I wanted to create my own database repository of commonly used patterns and figured the tool might be useful for others as well. Breaking interfaces down into patterns has been immensely helpful in learning and re-evaluating the best possible code to implement them. I’ve just gotten started and will be adding more as I create them.

But Pears isn’t about how I code these patterns—it’s a tool for creating your own.

The theme is available on GitHub for those that want to chip in and make it even better. Admittedly, the code is a little rough here and there, but it works.

Looking forward to seeing others’ takes on the patterns that power flexible web interfaces.

When I saw the Pears theme that Dan Cedarholm had created for WordPress, I thought it would make a great Symphony ensemble. So, I created this Symphony ensemble. I chose to start from scratch, rather than fork the WordPress theme, so as not to bloat this repository.

A Symphony ensemble is a means of packaging a site as an installer, used by the Symphony development team to package the official releases. It also works well as a way to share entire sites without worrying about sharing sensitive author login details and database credentials.

This ensemble demonstrates my usual process of building an ensemble with the Symphony core as the master branch and the workspace directory as the workspace branch.
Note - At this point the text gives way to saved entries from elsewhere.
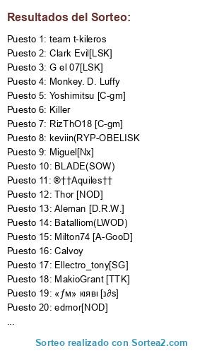Lista de participantes: [Pr0] Killer, -Pr0- John Smit, Calvoy NX, [Pr0] Hypnos, G el 07[LSK], RizThO18 [C-gm], Clark Evil[LSK], [[Gods Army]] Dark Master.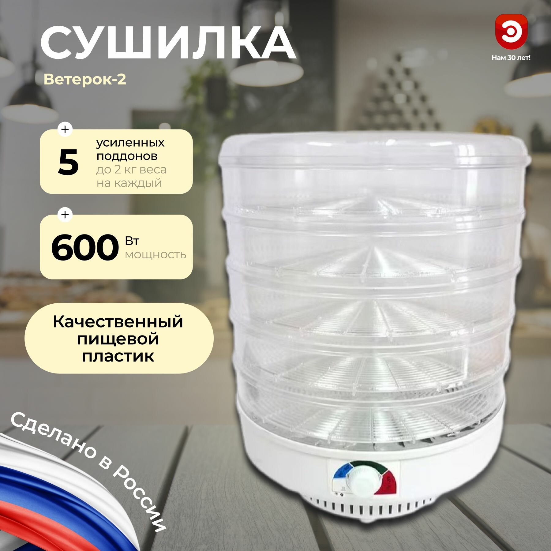 Сушилка для овощей и фруктов Ветерок-2У 600Вт, 6 поддонов, гофротара .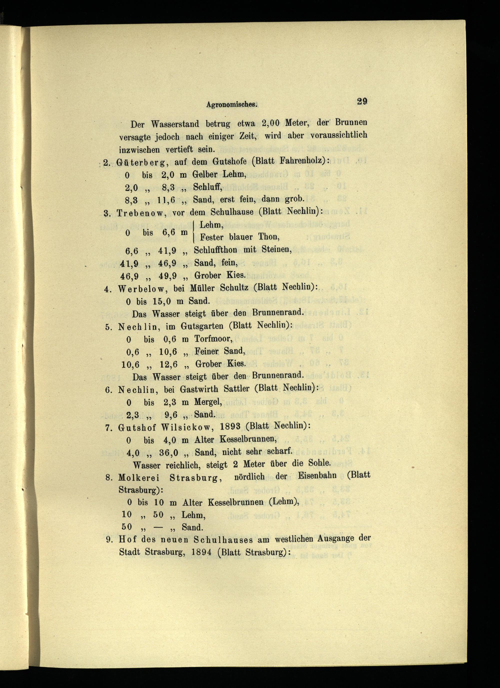 Wasser reichlich, steigt 2 Meter über die Sohle. . Molkerei Strasburg, nördlich der: Eisenbahn (Blatt Strasburg):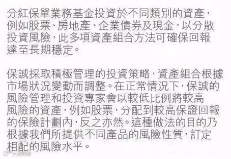 我们用一句话来说,就是:香港保险承袭/借鉴欧美的相关措施和机制,从根本上来说是在维护客户对分红保单的合理预期,保险公司制定演示红利的时候,不是预先设为“低中高”,而是审慎保守地制定,有多大能力吃多大碗饭,所以分红回报是可以较好地达到的。对于香港几家较大的保险公司,更是有“非保证中的保证”美誉

I use the Export Ensemble and the Dump DB extensions to track database changes in the Git repository, so it is possible to revert back to a previous version and restore the database to the state it was in at the time of that commit.

Installing this Symphony Ensemble

Follow the usual instructions for installing Symphony. You'll find these instructions in the README file of the master branch. More detailed install instructions can be found on the Symphony site.
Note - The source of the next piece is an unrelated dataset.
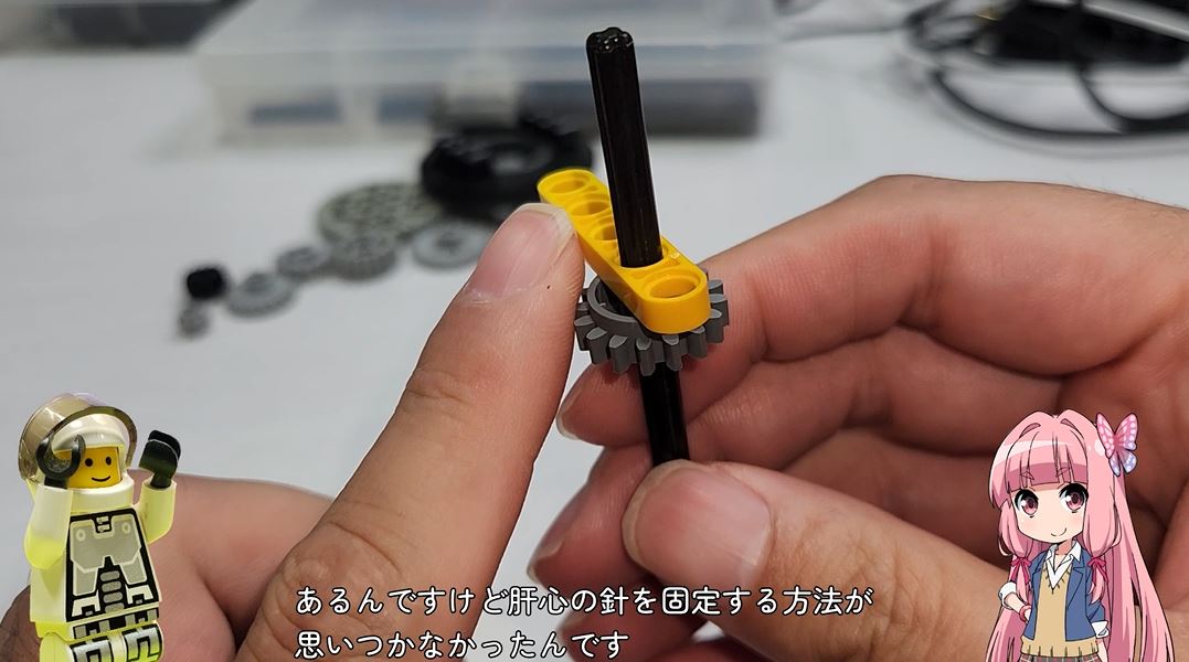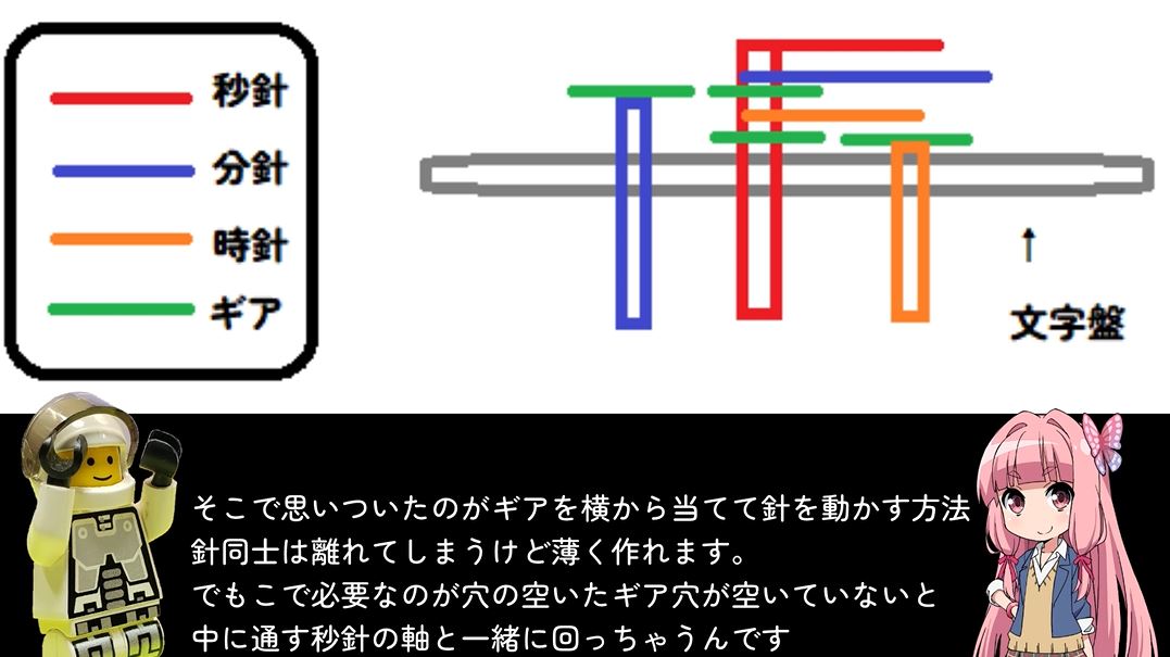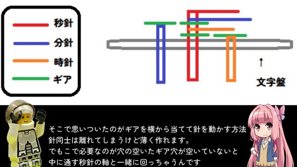 そこでやもブロックちゃんねるさんはギアを横から当てて針を動かすことにしました。動力から針は離れますが、これなら薄く作ることができます。

If you are installing with Git, the difference will be that you don't need to clone the Symphony core files. These files are in the master branch of this repository, which is a snapshot of the Symphony core, slightly modified to accommodate references to the extension submodules that have been added to the core extensions, and the workspace submodule, which contains the majority of the project-specific code that makes this ensemble work. The easiest way to grab everything is to use this single command, which will recursively find all submodules, initialize them and checkout the appropriate commit, cloning the files into a directory called pears:

git clone --recursive git://github.com/bauhouse/sym-pears.git pears

Alternatively, just download the ZIP file of the latest release and install the old fashioned way.

Change Log

Version 1.1 - 8 October 2012

  • Updated the Pears ensemble to Symphony 2.3

Version 1.0 - 7 October 2012

  • Ported the Pears project to Symphony 2.2.5

Enjoy Two Different Flavours of Pears

Now you have your choice of CMS on which to build your pattern library: WordPress or Symphony. You can find more about the original WordPress theme below.

A WordPress Theme by Dan Cedarholm

Pears are common patterns of markup & style.

Pears is an open source WordPress theme. I'll admit the code is a bit rough, initially based on the default 'twentyone' theme.

I wanted a handy way of collecting HTML & CSS pattern pairs. Often used modules with a minimal of style applied. It's become a valuable learning tool, whereby breaking interfaces down into small pieces make it easier to learn and improve running code.


  • Each pattern is a post in WordPress.
  • Add markup in a custom field named 'html'.
  • Add style in a custom field named 'css'.
  • Use the main content field for optional notes.